ACORN Guide for Beginning Farmers

HOT OFF THE PRESS! Check out ACORN’s Guide for Beginning Farmers – a must-have for any new or aspiring grower!

This 122 page manual features comprehensive articles, essays, illustrations, resource-listings, and words of wisdom from members of the Atlantic Organic Farming community, covering all of the essential topics that should be considered by one pursuing a career in organic agriculture.

This Guide is currently ON SALE for $10 (or $15 paired with a Grow A Farmer Hat!) –regular price: $20– plus $10 for shipping anywhere in Canada (for the combo package, $7 for the Guide exclusive). If you are interested in purchasing a copy, please contact the ACORN office at 1-866-322-2676 (we accept Paypal, VISA/MC, Cheques and Cash!) or email acornoffice@acornorganic.org.

TABLE OF CONTENTS

How to Use This Guide
Land, Soil, and Climate
Becoming a Certified Organic Farmer
Business Planning and Management
Marketing Your Organic Products
Organic Production
Pest, Weed and Disease Management
Health and Wellness
Education
Resources

See this excerpt below:

“Know What You’re Getting Into”

By Amy Smith, Heart Beet Organics, PE

There’s no two ways about it.

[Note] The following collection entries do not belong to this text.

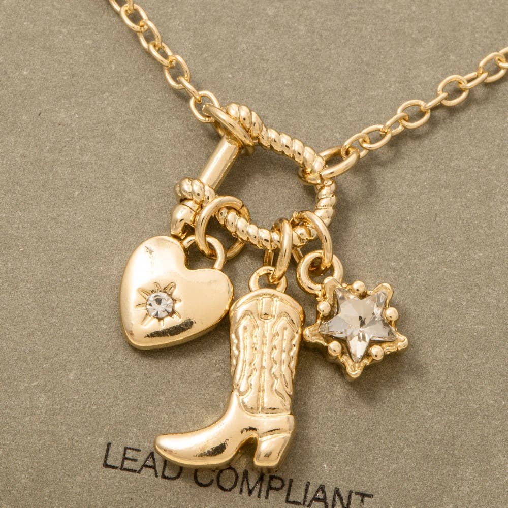 Add a touch of elegance and glamour to your look, this chain necklace offers a remarkable western cowboy boot and heart charms design. This chain necklace is ideal for both casual and formal events, adding a touch of sophistication to any outfit.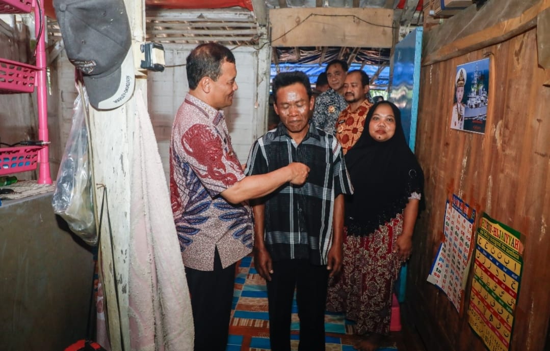 “Jadi rekan-rekan, ini rumahnya Pak Dasuki. Putranya tiga, pekerjaan nelayan. Setelah dilakukan survei dari kita, nanti akan kita bangun untuk renovasi dari mulai atap, dinding, lantai, semua kami bangun,” katanya.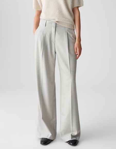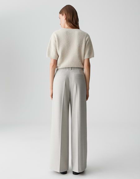 Die weit geschnittene Hose mit leicht melangierter Optik verleiht Business-Looks moderne Souveränität und feminine Leichtigkeit. Ein konfektionierter Komfortbund im Rückteil sorgt für entspannten Sitz.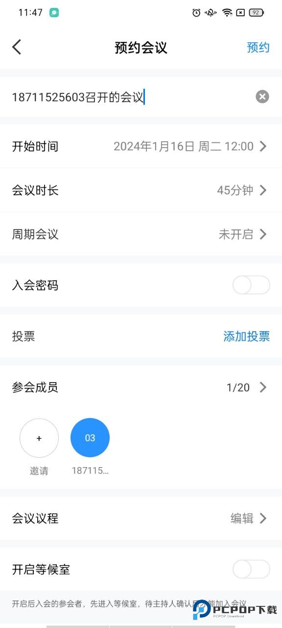 3、如果你是需要提前预约会议,点击预约会议设置时间、会议密码等相关设置;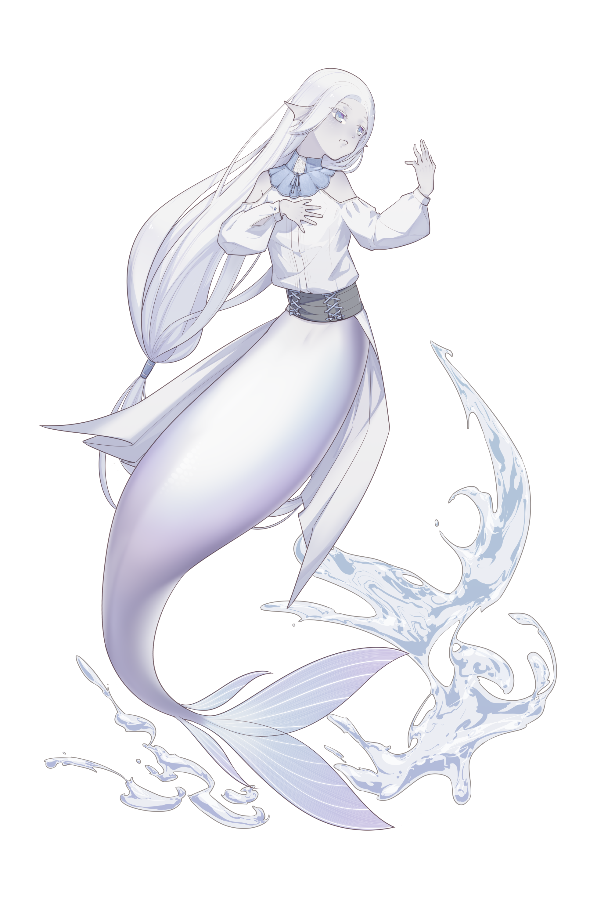 1boy absurdres albino androgynous bare_shoulders blue_eyes clothing_cutout colored_eyelashes colored_skin fins full_body hand_on_own_chest hands_up highres kinerv liquid long_hair long_sleeves looking_to_the_side low-tied_long_hair male_focus merfolk merman monster_boy open_mouth original puffy_long_sleeves puffy_sleeves shoulder_cutout simple_background solo very_long_hair water white_background white_hair white_skin

It will be hard in the beginning. You will make mistakes. It goes with the territory. The most important advice I would give someone who’s thinking of starting a farm: do your research beforehand! First of all, make sure you know how to grow vegetables and that you know you’re ready and willing to do the work – physically, mentally, emotionally.

Secondly, make sure you will be able to sell your vegetables, at a price that will allow you to make a decent profit, so research your market! I’ve heard others say you should never plant a single seed in the ground until you know where, how, and for how much you plan to sell that vegetable – and I would agree wholeheartedly. We had already been granted a spot in the farmer’s market in Charlottetown before we started our first season, AND we had conducted a survey the summer before to learn about people’s buying habits at the market. So we knew it was a fairly lucrative market and we felt confident that we could supply the market with interesting and tasty veggies. We also found that having an attractive display really helped our sales and helped us stand out at the market – which drew customers to us initially. But it was the quality of the produce that brought people back to us week after week and helped us develop a loyal following.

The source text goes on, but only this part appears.